Dans cet essai, très proche des réflexions de Günther Anders, Hannah Arendt conteste que la conquête de l'espace soit susceptible d'accroître la dimension de l'homme. Plus encore, elle craint que l'orgueil de l'homme, par la prétention à manipuler la nature, mène à la destruction de l'espèce humaine.
"Aujourd'hui, les perspectives d'un développement et d'une solution entièrement salutaires de la difficile situation actuelle de la science moderne et de la technologie ne paraissent pas particulièrement bonnes.
Notre capacité actuelle de "conquérir l'univers" est due à notre aptitude à manier la nature d'un point de l'univers extérieur à la Terre. Car c'est bien ce que nous faisons quand nous libérons des processus énergétiques qui ne se rencontrent ordinairement que dans le soleil, ou tentons de déclencher dans une éprouvette les processus d'évolution cosmiques, ou construisons des machines pour la production et le contrôle d'énergies inconnues dans la domesticité de la nature terrestre.
Sans que pour autant soit occupé réellement le point où Archimède eût souhaité se tenir, nous avons trouvé une manière d'agir sur la Terre comme si nous disposions de la nature terrestre en dehors d'elle, du point de l'observateur imaginé par Einstein qui "se tient librement en équilibre dans l'espace".
Si nous considérons d'un tel point de vue ce qui se passe sur la Terre et les diverses activités des hommes, autrement dit, si nous appliquons à nous-mêmes le point d'Archimède, alors ces activités ne nous apparaîtront vraiment comme rien de plus que des "comportements objectifs", que nous pourrons étudier avec les mêmes méthodes que celles utilisées pour l'étude du comportement des rats.
Vues à distance suffisante, les voitures dans lesquelles nous voyageons et que nous savons être construites par nous auront l'air, ainsi que Heisenberg l'a dit une fois, d'"être une partie aussi inaliénable de nous-mêmes qu'une coquille d'escargot pour son occupant".
Tout l'orgueil mis à ce que nous savons faire disparaîtra dans quelque mutation de la race humaine ; la technologie entière, vue à partir de ce point, aura en fait cessé d'apparaître "comme le résultat d'un effort conscient de l'homme pour étendre sa puissance matérielle, mais plutôt comme un processus biologique à grande échelle".

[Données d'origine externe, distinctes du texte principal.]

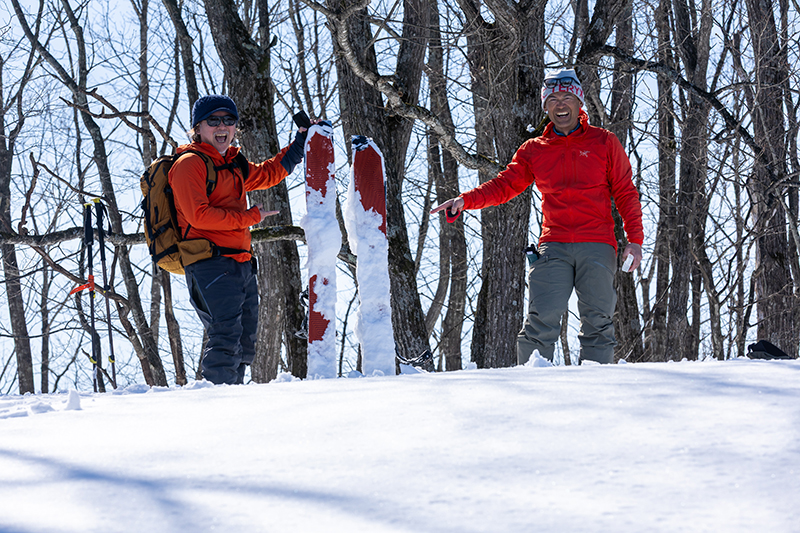 そのあとはそれぞれが思い思いのラインで春の斜面を楽しんだ。ヤバかったのは頂上直下だけで、あとはよく走る気持ちの良い雪だった。脳みそが溶けるようなスペシャルなコンディションではなかったけど、それでも「うひょー!」と声が出た。目尻が下がった。口角が上がった。滑れさえすれば、けっきょく、笑顔しかない。
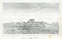 Die panoramaartige Ansicht zeigt links die Alte und rechts die Neue Stadt. Rechts unten kleines Wappenschild mit Erklärungen A - V. (Artikelnr. 28047CG)

Dans ces conditions, la parole et le langage usuel auront vraiment cessé d'être une expression significative qui transcende le comportement alors même qu'ils ne font que l'exprimer et ils seront avantageusement remplacés par le formalisme extrême et en lui-même vide de sens des symboles mathématiques.
La conquête de l'espace et la science qui la rendit possible se sont périlleusement approchées de ce point. Si jamais elles devaient l'atteindre pour de bon, la dimension de l'homme ne serait pas simplement réduite selon tous les critères que nous connaissons, elle serait détruite."
Hannah Arendt, La crise de la culture, Huit exercices de pensée politique, traduit de l'anglais sous la direction de Patrick Lévy, Gallimard/Folio essais, "La conquête de l'espace et la dimension de l'homme", traduit pas Claude Dupont, p.354-355.